**SOURCE MATERIAL**
↓

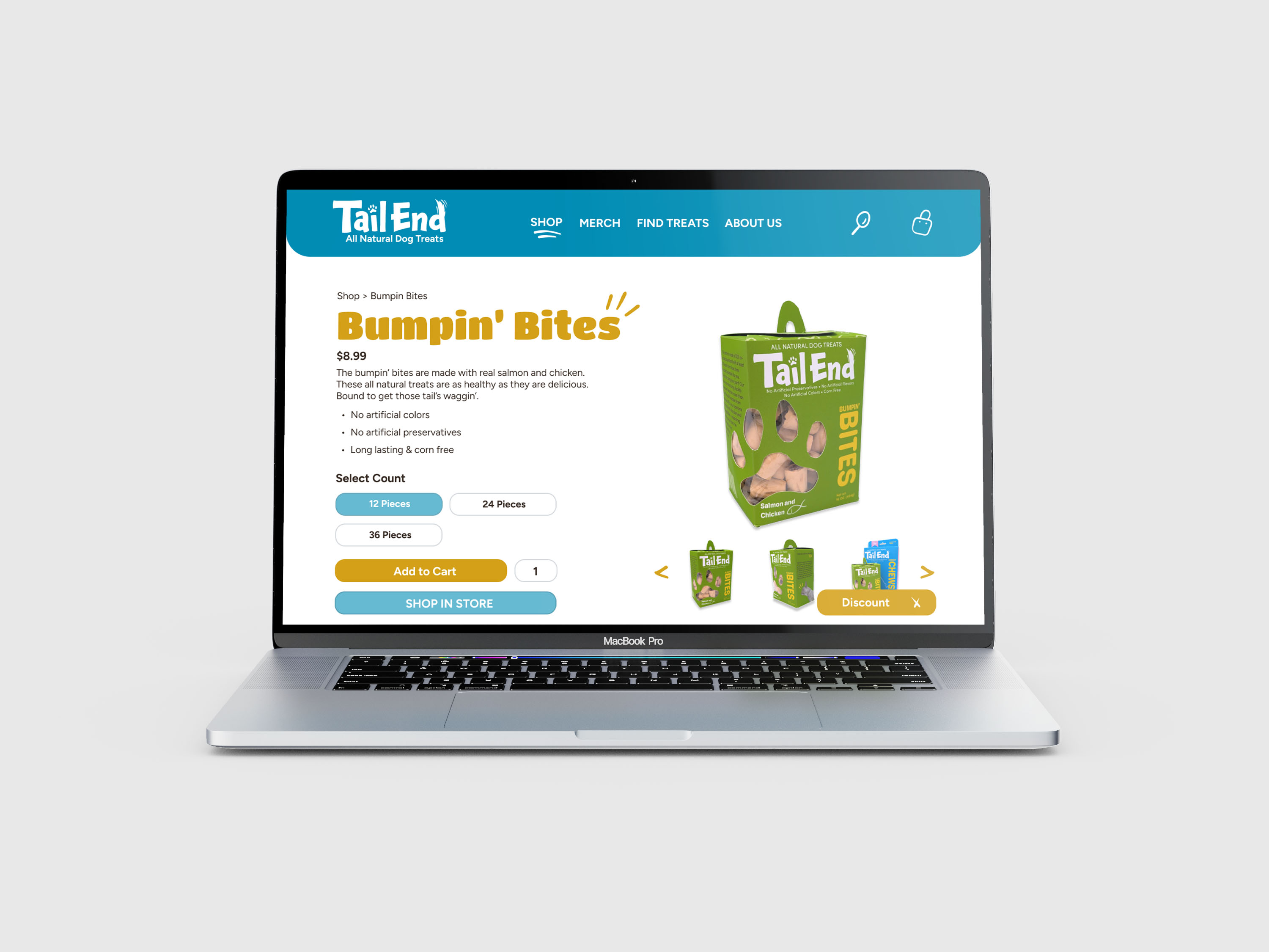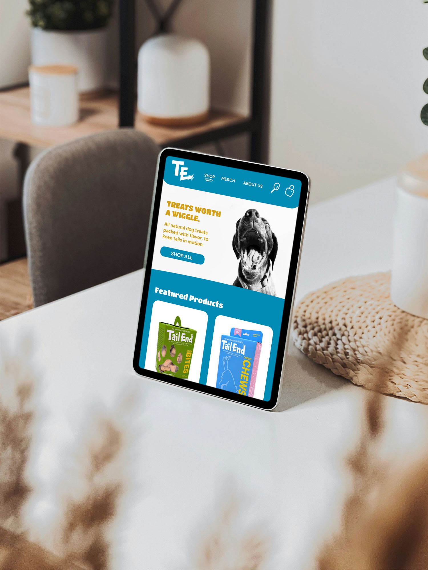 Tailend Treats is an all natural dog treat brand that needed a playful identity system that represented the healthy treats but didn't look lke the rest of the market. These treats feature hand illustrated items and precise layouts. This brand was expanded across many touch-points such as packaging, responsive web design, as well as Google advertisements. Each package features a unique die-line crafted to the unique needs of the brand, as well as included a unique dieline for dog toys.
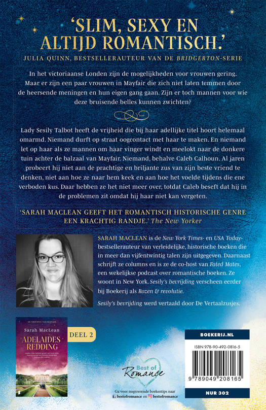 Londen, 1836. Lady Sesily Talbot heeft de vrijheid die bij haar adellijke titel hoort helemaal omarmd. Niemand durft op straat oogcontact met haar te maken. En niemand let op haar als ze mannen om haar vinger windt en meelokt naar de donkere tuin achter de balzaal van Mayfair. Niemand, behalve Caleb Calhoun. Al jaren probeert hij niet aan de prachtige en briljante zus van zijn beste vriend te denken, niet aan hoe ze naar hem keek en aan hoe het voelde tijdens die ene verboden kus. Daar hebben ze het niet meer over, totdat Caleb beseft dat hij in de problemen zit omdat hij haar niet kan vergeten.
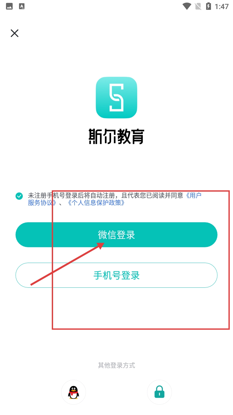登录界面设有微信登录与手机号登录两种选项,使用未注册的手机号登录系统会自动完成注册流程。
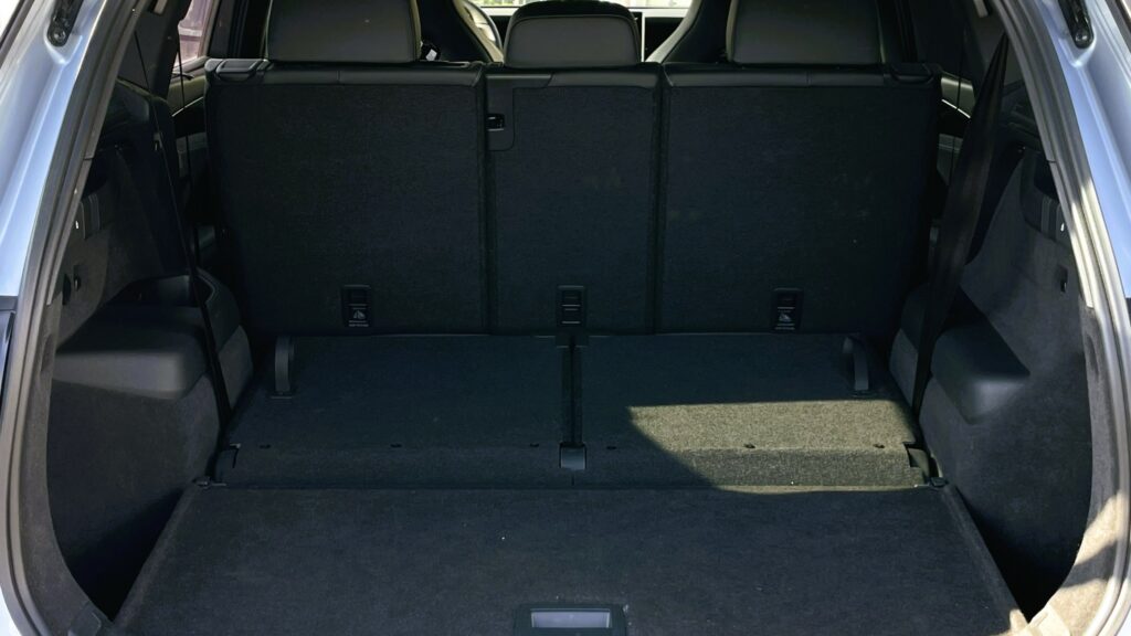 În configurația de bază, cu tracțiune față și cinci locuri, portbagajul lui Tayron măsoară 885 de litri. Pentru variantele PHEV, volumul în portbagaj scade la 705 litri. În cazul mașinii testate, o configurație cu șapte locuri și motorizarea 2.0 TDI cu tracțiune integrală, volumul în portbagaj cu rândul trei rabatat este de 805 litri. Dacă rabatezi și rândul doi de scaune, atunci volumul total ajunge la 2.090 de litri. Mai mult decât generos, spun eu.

↑

**ACTIVITY**
Everything but the pictures is needed: copy the data above exactly.

**RESPONSE TO THIS TASK**
 Tailend Treats is an all natural dog treat brand that needed a playful identity system that represented the healthy treats but didn't look lke the rest of the market. These treats feature hand illustrated items and precise layouts. This brand was expanded across many touch-points such as packaging, responsive web design, as well as Google advertisements. Each package features a unique die-line crafted to the unique needs of the brand, as well as included a unique dieline for dog toys.
 Londen, 1836. Lady Sesily Talbot heeft de vrijheid die bij haar adellijke titel hoort helemaal omarmd. Niemand durft op straat oogcontact met haar te maken. En niemand let op haar als ze mannen om haar vinger windt en meelokt naar de donkere tuin achter de balzaal van Mayfair. Niemand, behalve Caleb Calhoun. Al jaren probeert hij niet aan de prachtige en briljante zus van zijn beste vriend te denken, niet aan hoe ze naar hem keek en aan hoe het voelde tijdens die ene verboden kus. Daar hebben ze het niet meer over, totdat Caleb beseft dat hij in de problemen zit omdat hij haar niet kan vergeten.
登录界面设有微信登录与手机号登录两种选项,使用未注册的手机号登录系统会自动完成注册流程。
 În configurația de bază, cu tracțiune față și cinci locuri, portbagajul lui Tayron măsoară 885 de litri. Pentru variantele PHEV, volumul în portbagaj scade la 705 litri. În cazul mașinii testate, o configurație cu șapte locuri și motorizarea 2.0 TDI cu tracțiune integrală, volumul în portbagaj cu rândul trei rabatat este de 805 litri. Dacă rabatezi și rândul doi de scaune, atunci volumul total ajunge la 2.090 de litri. Mai mult decât generos, spun eu.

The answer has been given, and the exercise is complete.